Landscape Portraits by Leslie Poole
Works by New Westminster-based artist Leslie Poole have been featured in exhibitions and collections internationally, including one-person shows in Los Angeles, Chicago and San Francisco – but this month some his pieces are on display right here in New West. Poole, who is considered one of Canada’s most extensively exhibited artists, is now bringing his solo exhibition, Landscape Portraits, to local art enthusiasts.
“For the past 40 years, I have turned again and again to the solace and the threat of land. Early paintings explored wilderness unmarked by even a telephone wire. Later I stopped looking from afar — moved closer to the landscape as though I lived within it — and painted it with its indicators of human, animal and architectural intrusion,” said Poole in an artist statement. “In Landscape Portraits, I present issues of nature vs. man in order to reconstruct their relationship. This is the role of painting: to present in a non-discursive way elements of our human concerns so that intuition has a role in connecting information which threatens to disastrously disconnect.”
- When: Landscape Portraits by Leslie Poole is on until Thursday, Nov. 30
- Where: Plaskett Gallery and North Wing Galleries in the Eighth & Eight Creative Spaces at Massey Theatre, 735 Eighth Ave.
- Details: Free admission, Tuesday to Friday, 1 to 4 p.m.
A Visual Arts Dialogue on Death & Dying
Century House and New West Hospice have joined forces on an exhibit of visual arts pieces connected to the theme of death, dying, grief and loss – with the goal of fostering a dialogue about a topic that our culture tends to keep all too silent. It's part of the Dialogue on Death and Dying.

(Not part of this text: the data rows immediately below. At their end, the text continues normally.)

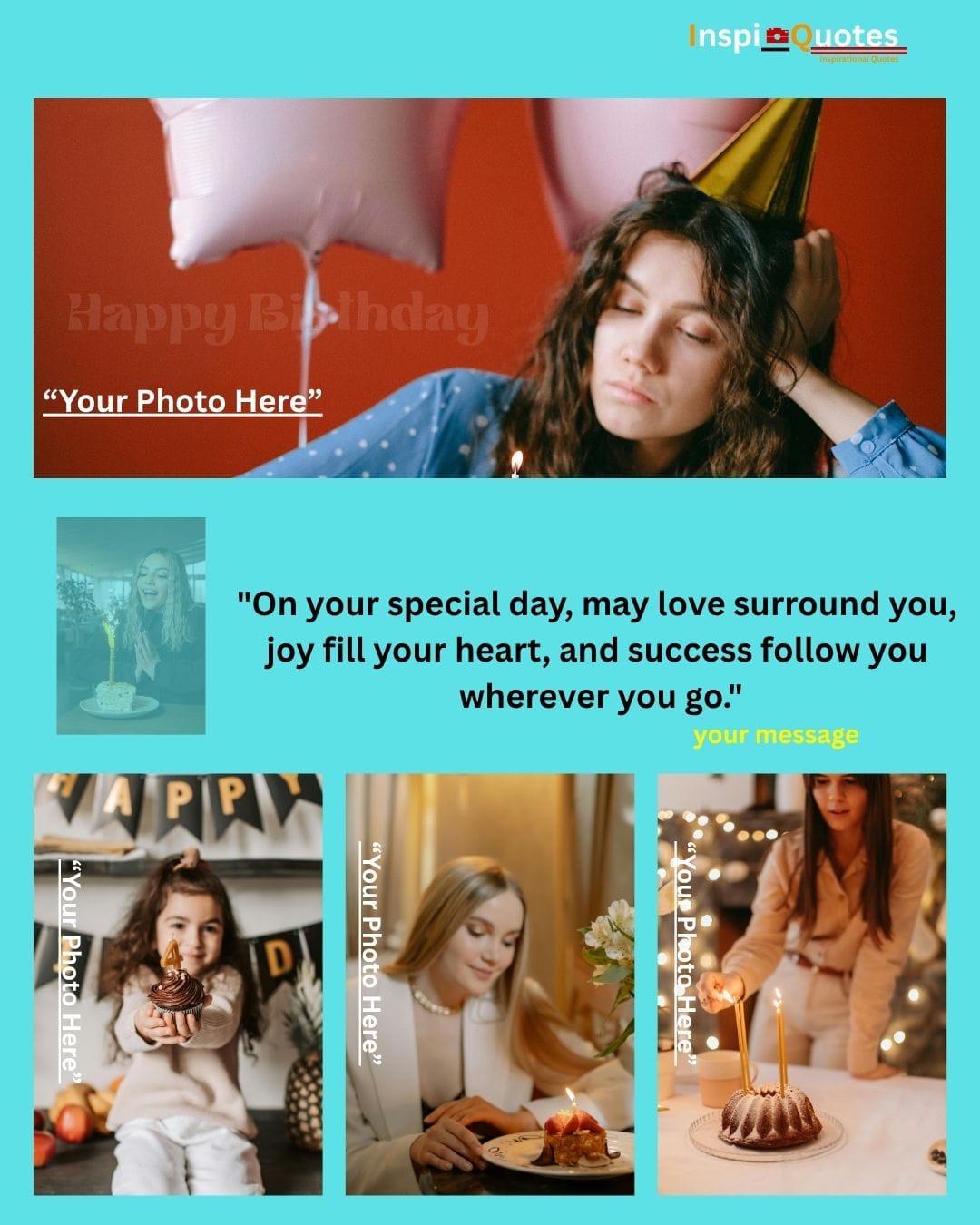 Design Insight: Modern & Aspirational: A visually dynamic design using a striking aqua and orange color scheme. The composition features modern portraits and symbolic items (balloons), conveying a cool, contemporary wish for success and happiness.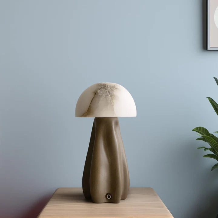 Illuminate your home with the elegant and timeless Alabaster Mushroom Table Lamp. Crafted from genuine alabaster, this lamp adds a touch of sophistication to any room. Its unique mushroom shape adds a modern twist, while the warm glow provides a cozy atmosphere. Perfect for accent lighting or as a statement piece.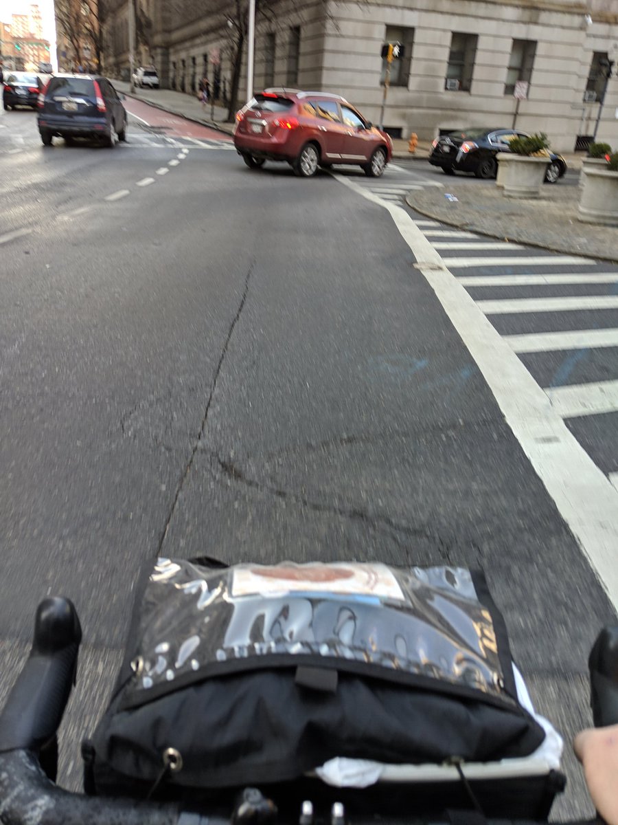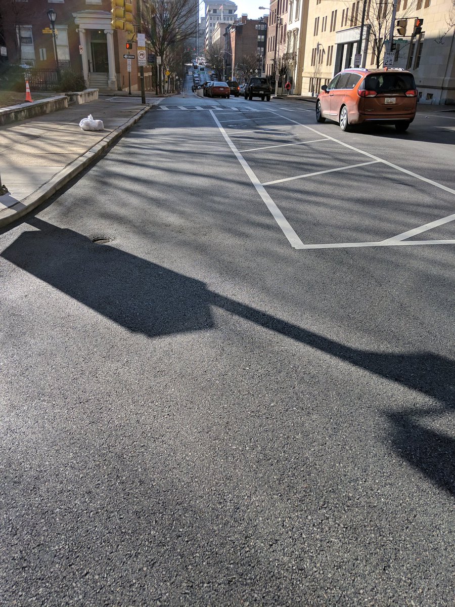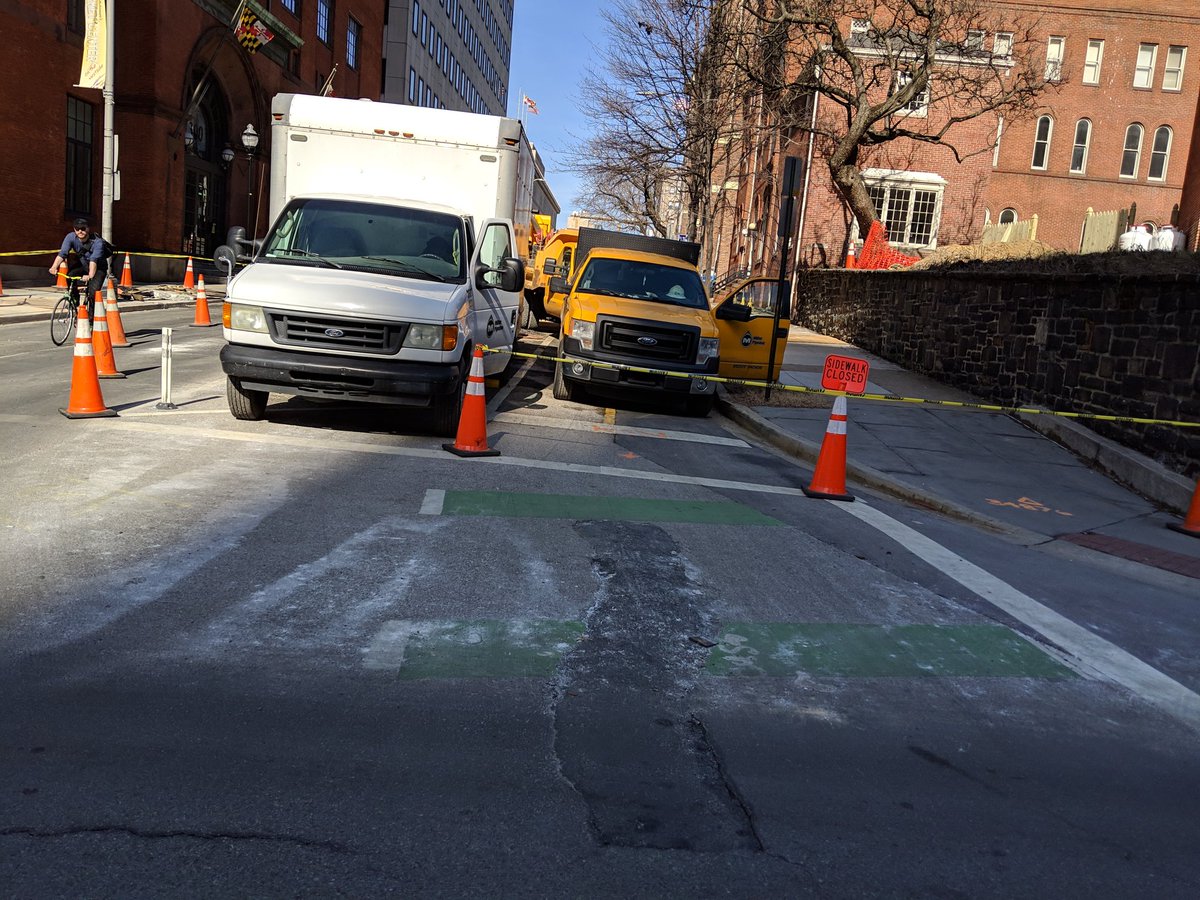 Another street cut in the entire Maryland cycletrack with a half-ass attempt at a warning.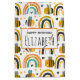A birthday gift bag with a cute patterned background. Whimsical bees and rainbows with little hearts and stars scattered around. Adorable and delightful.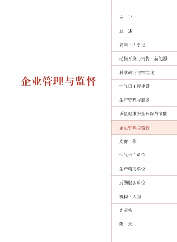 专 记 总 述 要闻·大事记 勘探开发与销售·新能源 科学研究与智能化 企业管理与监督 油气田工程建设 生产管理与服务 质量健康安全环保与节能 企业管理与监督 党群工作 油气生产单位 生产辅助单位 后勤服务单位 机构·人物 光荣榜 附 录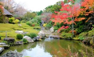静かな庭園で、紅葉と書院造りの建物が調和していて心が安らぎますよ。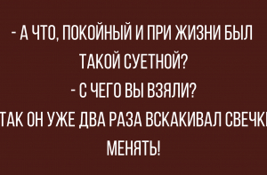 - Итак, по вашей просьбе я записал в вашем завещании, чтобы вас кремировали, а прах развеяли над торговым центром. Только я не пойму, зачем вам это?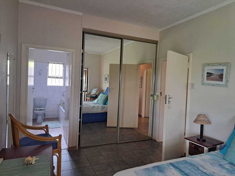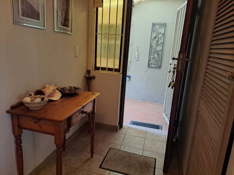 A spacious and level townhouse with some sea views, in a secure residential complex with its own borehole. A small quiet and well run residential complex, just a minutes drive from the highway. This unit is wheelchair friendly and would be ideal for a retired couple, or a family. Pet friendly – one small dog only – and opens onto a large lawned area and as well has its own private enclosed front garden with views over the town and some sea views. This is an end unit with the garage attached to the townhouse.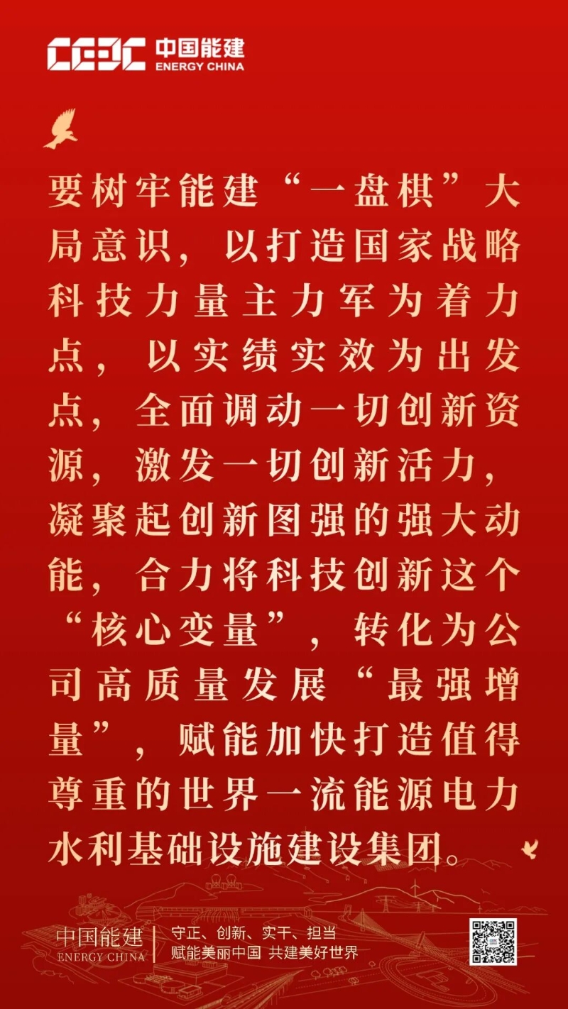 公司2026年工作會(huì)暨二屆一次職代會(huì)深入貫徹習(xí)近平總書記重要指示精神,旗幟鮮明地將“堅(jiān)持創(chuàng)新驅(qū)動(dòng)、科技強(qiáng)企”作為“十五五”開好局、起好步的“五大核心原則”之一,要求始終把科技創(chuàng)新作為第一動(dòng)力,充分發(fā)揮科技創(chuàng)新對(duì)于企業(yè)發(fā)展的引領(lǐng)、驅(qū)動(dòng)、支撐作用。公司上下要樹牢能建“一盤棋”大局意識(shí),以打造國家戰(zhàn)略科技力量主力軍為著力點(diǎn),以實(shí)績實(shí)效為出發(fā)點(diǎn),全面調(diào)動(dòng)一切創(chuàng)新資源,激發(fā)一切創(chuàng)新活力,凝聚起創(chuàng)新圖強(qiáng)的強(qiáng)大動(dòng)能,合力將科技創(chuàng)新這個(gè)“核心變量”,轉(zhuǎn)化為公司高質(zhì)量發(fā)展“最強(qiáng)增量”,賦能加快打造值得尊重的世界一流能源電力水利基礎(chǔ)設(shè)施建設(shè)集團(tuán)。
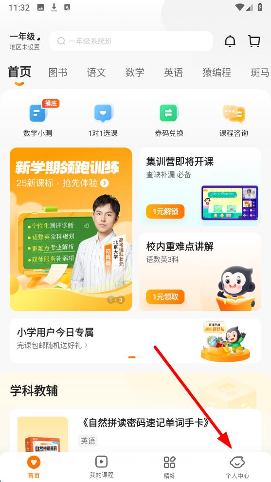 1、打開猿輔導(dǎo)應(yīng)用,點(diǎn)擊底部導(dǎo)航欄中的個(gè)人中心選項(xiàng),進(jìn)入個(gè)人中心頁(yè)面。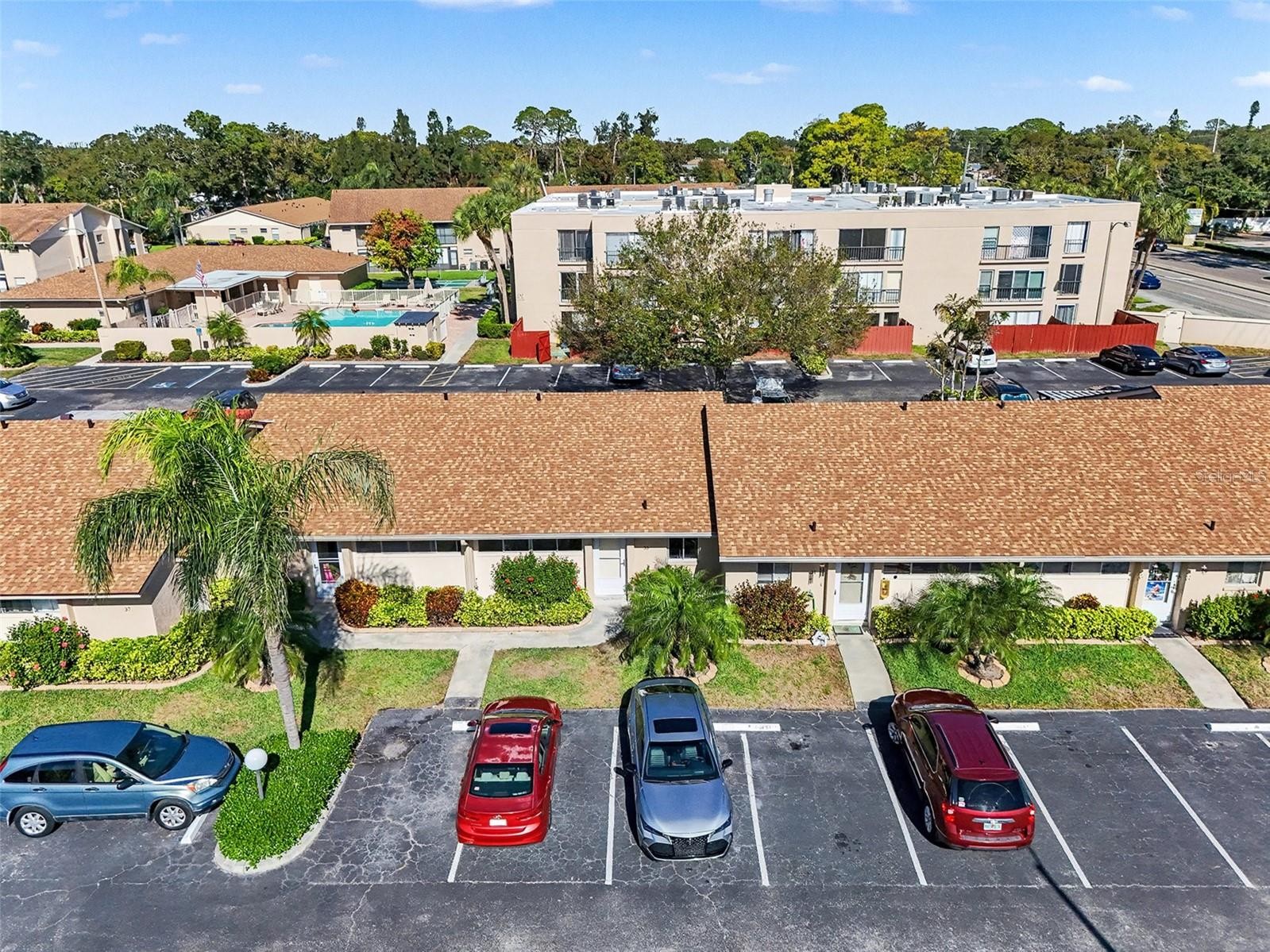 Experience comfortable Florida living in this beautifully maintained first-floor condominium, featuring 2 spacious bedrooms and 2 full baths. The open and inviting floor plan showcases elegant ceramic tile flooring throughout, complemented by a bright living and dining area perfect for entertaining or relaxing. The well-appointed kitchen boasts solid wood cabinetry, stylish stone countertops, and ample storage space. Retreat to the primary suite, complete with a generous walk-in closet and private bath, while the guest bedroom offers privacy and convenience with its own full bath. Additional upscale touches include an inside laundry room, central air conditioning, partial furnishings, exterior storage, and a covered screened patio ideal for enjoying the Florida weather. Assigned parking plus guest parking add convenience. Residents benefit from a heated community pool, fitness center, clubhouse, paved sidewalks, and meticulously maintained grounds. Monthly fees cover cable TV, water, sewer, trash, pest control, exterior maintenance, and grounds care. Ideally located close to premier shopping, dining, healthcare facilities, and Sarasota’s world-class beaches, this residence offers both comfort and style. Association approval required.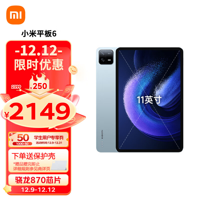 小米平板6(xiaomiPad)11英寸 骁龙870 144Hz高刷护眼 2.8K超清 8+256GB会议笔记移动办公娱乐平板电脑 远山蓝价格:2149.00元!

- When: Until Monday, Nov. 20
- Where: Century House art gallery, 620 Eighth St.
Changing the Conversation
Changing the Conversation (CTC) is a three-year project that examines how public spaces and public art can facilitate a healthier discourse about housing in the community. It features the work of CTC artists in residence Amal Ishaque and PJ Patten and community members in New Westminster with lived experiences of housing insecurity.
“This exhibit centres the intersectional, multi-faceted stories that exist on the frontlines of the housing crisis,” said a notice about the exhibition.
- When: Until Wednesday, Nov. 22
- Where: Community Art Gallery in Anvil Centre, 777 Columbia St.
- Details: Free
Nostalgia by Frederick Popowich
Frederick Popowich, a New West-based photographer, is currently exhibiting works in Nostalgia, an ongoing project that explores historical artifacts in conflict with the present and questions the relationship of past to present.
“Nostalgia attempts to address and acknowledge the sweeping changes we live in the midst of, materially, culturally, politically,” said an artist’s statement. “It is a project that exploits the photographic medium’s distinctive ability to record history, to provide material testimony to what once was and what remains, but here in a way that emphasizes the irretrievability of the past. These are subjects that have lost their original function and evolved into something else, into emblems of past experience, objects that have now become reservoirs of lost memories and sensations, and of a sense of nostalgia for something that no longer exists.”
- When: Nov. 1 to 26
- Where: Gallery at Queen’s Park, Centennial Lodge
- Details: The gallery is open Wednesday to Sunday, 10 a.m. to 2 p.m. On Sunday, Nov. 19, Popowich will be at the gallery from 1 to 3 p.m. for an artist talk and slide show exploring some of the formative influences and esthetic intentions behind the Nostalgia project.
MEASURE
MEASURE reflects on the interconnections of time, light, colour, season, the movement of celestial bodies, and how we perceive the measure of all these things. This exhibition features works by seven artists working at the intersection of science, art and technology.
- When: Until Dec. 10
- Where: New Media Gallery in Anvil Centre, 777 Columbia St.
- Details: The New Media Gallery is open /Wednesday to Sunday (10 a.m. to 5 p.m.) and Thursday (10 a.m. to 8 p.m.), and is closed Monday and Tuesday.